• **Problem requirements**
Each line below must be reproduced exactly, though the pictures are to be dropped.

(Stored data entries)
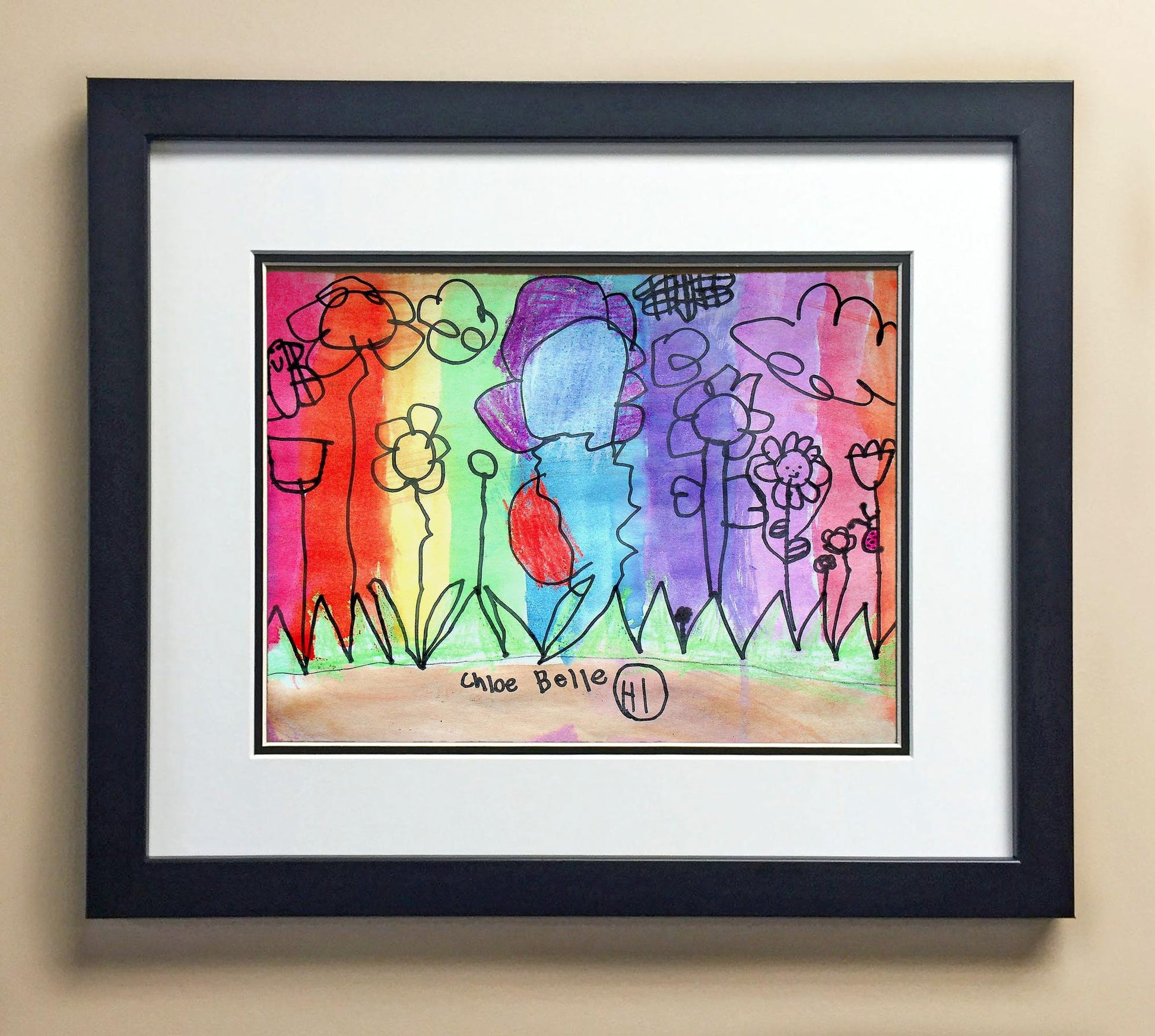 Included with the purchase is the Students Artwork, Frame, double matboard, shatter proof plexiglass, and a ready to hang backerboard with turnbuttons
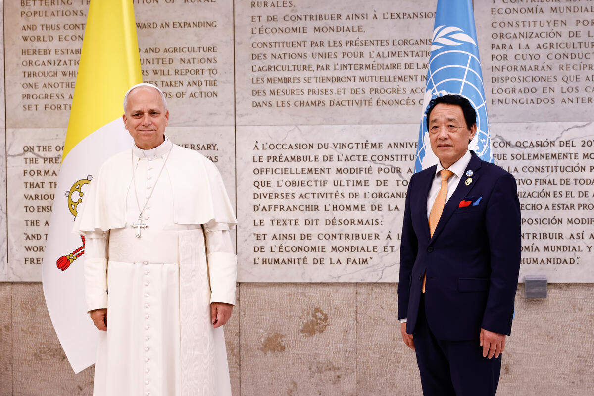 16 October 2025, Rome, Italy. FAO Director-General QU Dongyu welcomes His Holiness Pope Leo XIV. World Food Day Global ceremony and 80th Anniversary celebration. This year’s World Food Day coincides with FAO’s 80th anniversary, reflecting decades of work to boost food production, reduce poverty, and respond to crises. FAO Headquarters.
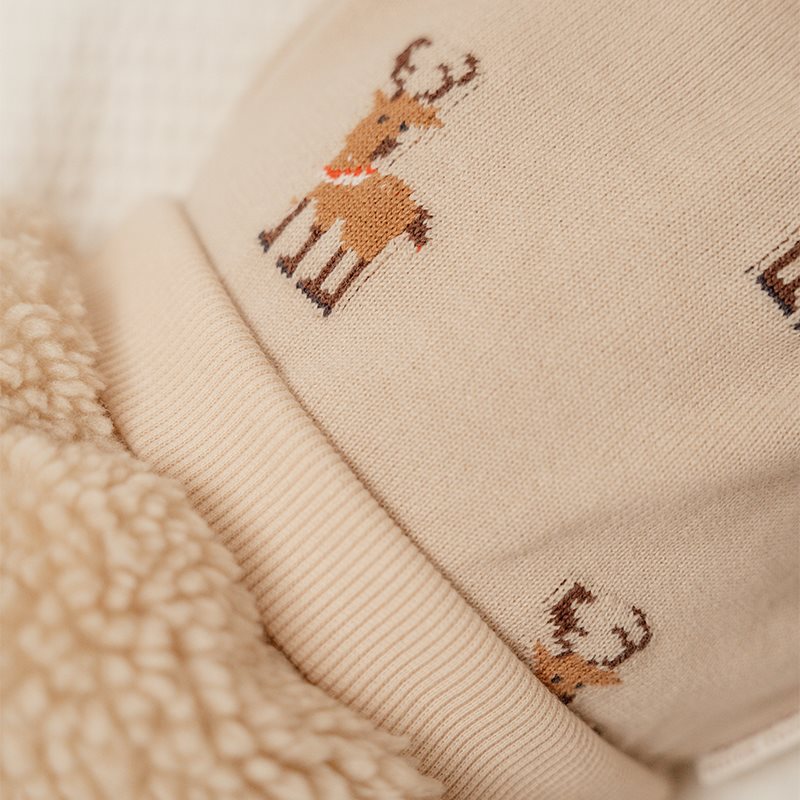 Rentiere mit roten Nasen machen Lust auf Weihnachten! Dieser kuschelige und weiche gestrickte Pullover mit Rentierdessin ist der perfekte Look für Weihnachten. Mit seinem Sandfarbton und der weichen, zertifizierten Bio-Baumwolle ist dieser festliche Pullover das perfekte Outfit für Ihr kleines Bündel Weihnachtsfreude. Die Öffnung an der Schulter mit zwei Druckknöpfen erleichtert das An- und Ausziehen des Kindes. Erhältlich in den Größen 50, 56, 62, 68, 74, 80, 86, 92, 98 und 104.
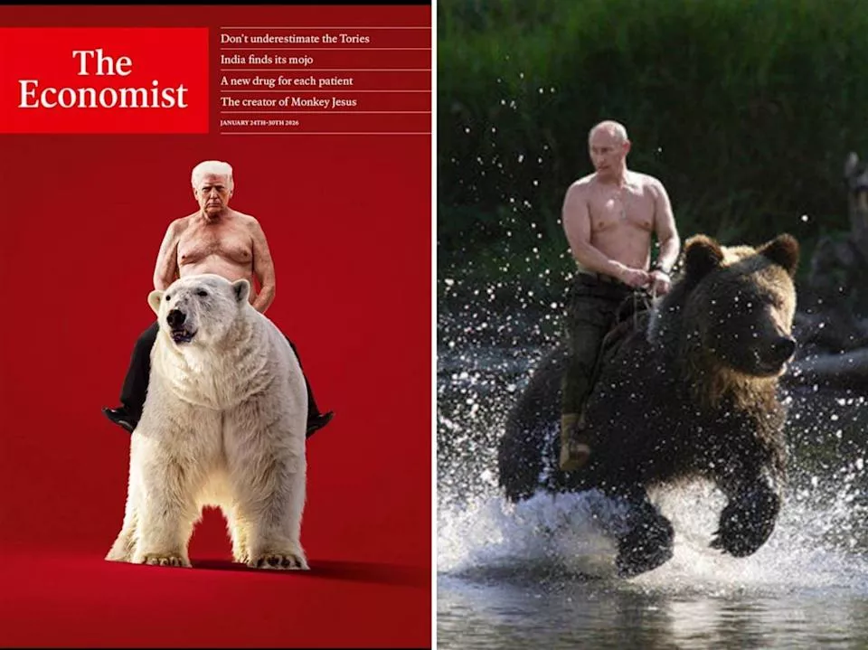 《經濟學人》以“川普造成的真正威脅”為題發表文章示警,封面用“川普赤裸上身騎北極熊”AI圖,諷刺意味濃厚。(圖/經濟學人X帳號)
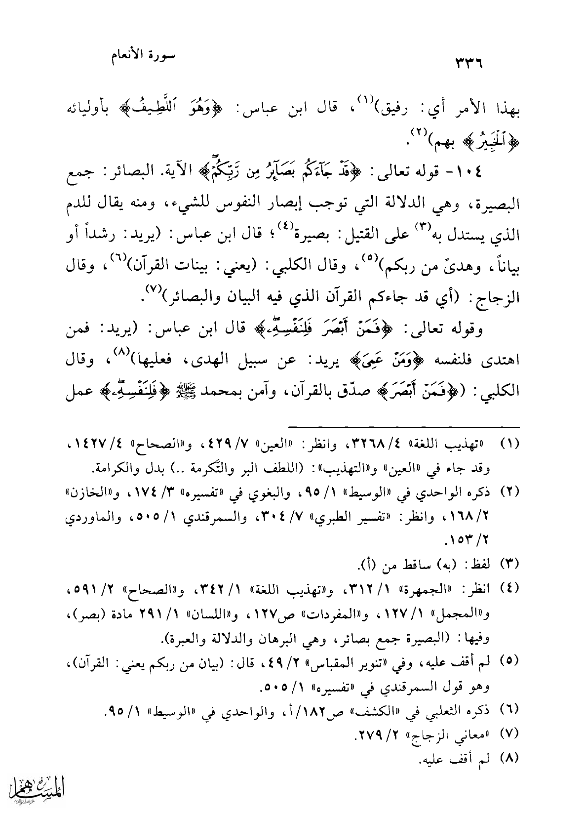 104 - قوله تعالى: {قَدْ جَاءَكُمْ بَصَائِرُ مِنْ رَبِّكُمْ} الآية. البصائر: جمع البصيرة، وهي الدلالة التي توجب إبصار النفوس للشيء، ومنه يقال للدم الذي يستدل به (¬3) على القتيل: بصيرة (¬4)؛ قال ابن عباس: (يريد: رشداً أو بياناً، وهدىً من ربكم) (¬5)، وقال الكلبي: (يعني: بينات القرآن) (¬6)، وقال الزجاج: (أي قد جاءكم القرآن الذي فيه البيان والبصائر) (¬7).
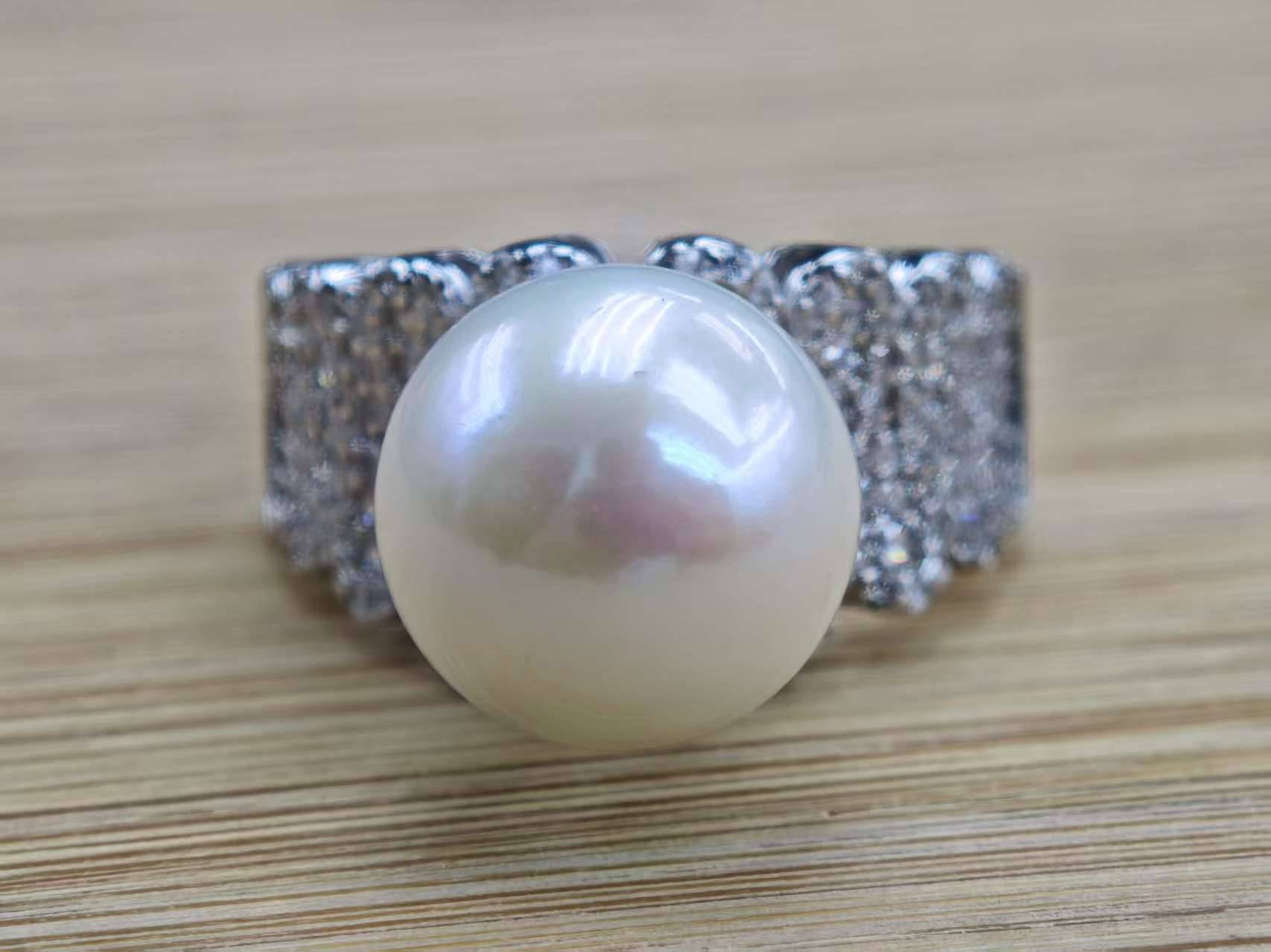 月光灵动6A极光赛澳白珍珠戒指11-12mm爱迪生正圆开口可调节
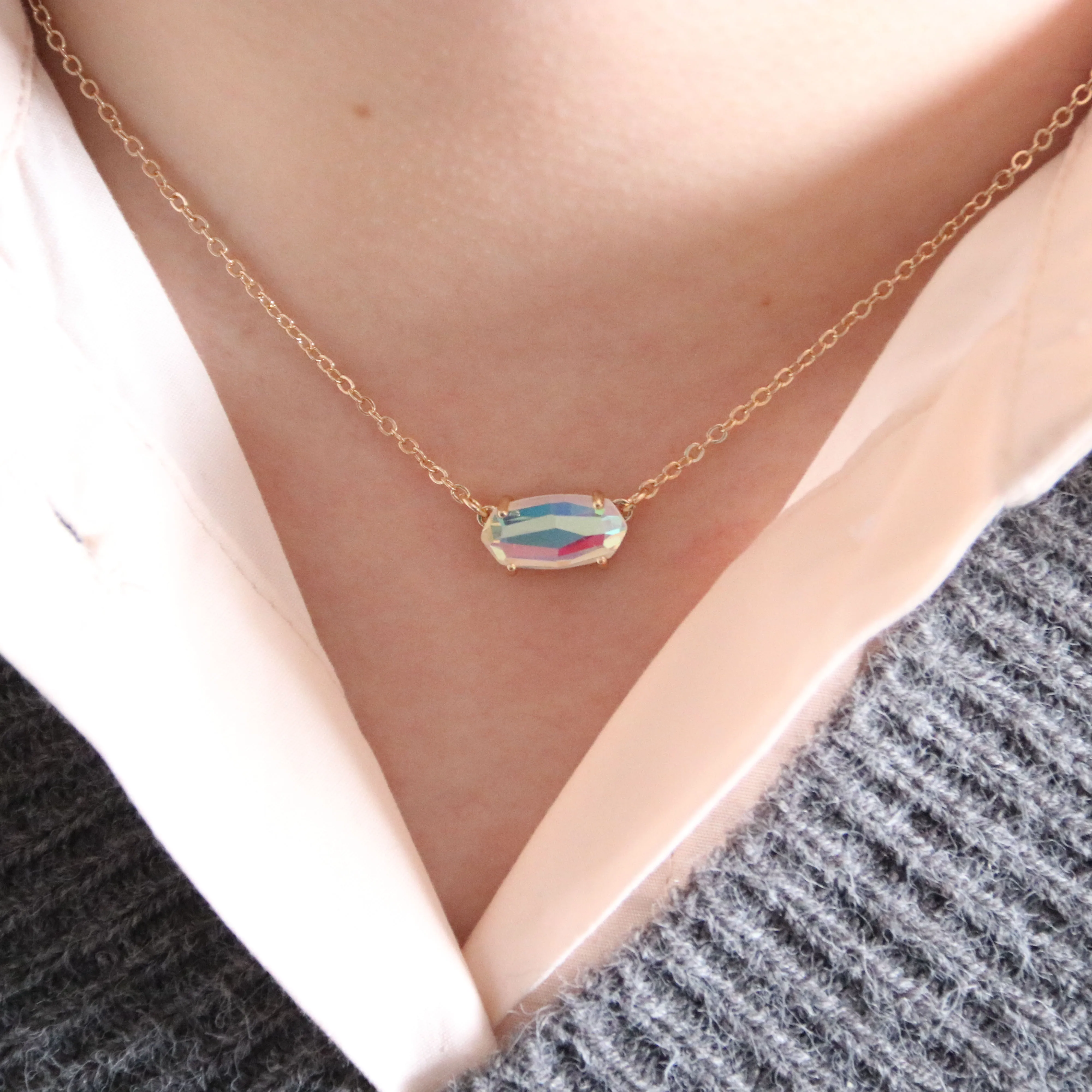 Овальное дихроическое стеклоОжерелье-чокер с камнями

• **Your response**
 Included with the purchase is the Students Artwork, Frame, double matboard, shatter proof plexiglass, and a ready to hang backerboard with turnbuttons
 16 October 2025, Rome, Italy. FAO Director-General QU Dongyu welcomes His Holiness Pope Leo XIV. World Food Day Global ceremony and 80th Anniversary celebration. This year’s World Food Day coincides with FAO’s 80th anniversary, reflecting decades of work to boost food production, reduce poverty, and respond to crises. FAO Headquarters.
 Rentiere mit roten Nasen machen Lust auf Weihnachten! Dieser kuschelige und weiche gestrickte Pullover mit Rentierdessin ist der perfekte Look für Weihnachten. Mit seinem Sandfarbton und der weichen, zertifizierten Bio-Baumwolle ist dieser festliche Pullover das perfekte Outfit für Ihr kleines Bündel Weihnachtsfreude. Die Öffnung an der Schulter mit zwei Druckknöpfen erleichtert das An- und Ausziehen des Kindes. Erhältlich in den Größen 50, 56, 62, 68, 74, 80, 86, 92, 98 und 104.
 《經濟學人》以“川普造成的真正威脅”為題發表文章示警,封面用“川普赤裸上身騎北極熊”AI圖,諷刺意味濃厚。(圖/經濟學人X帳號)
 104 - قوله تعالى: {قَدْ جَاءَكُمْ بَصَائِرُ مِنْ رَبِّكُمْ} الآية. البصائر: جمع البصيرة، وهي الدلالة التي توجب إبصار النفوس للشيء، ومنه يقال للدم الذي يستدل به (¬3) على القتيل: بصيرة (¬4)؛ قال ابن عباس: (يريد: رشداً أو بياناً، وهدىً من ربكم) (¬5)، وقال الكلبي: (يعني: بينات القرآن) (¬6)، وقال الزجاج: (أي قد جاءكم القرآن الذي فيه البيان والبصائر) (¬7).
 月光灵动6A极光赛澳白珍珠戒指11-12mm爱迪生正圆开口可调节
 Овальное дихроическое стеклоОжерелье-чокер с камнями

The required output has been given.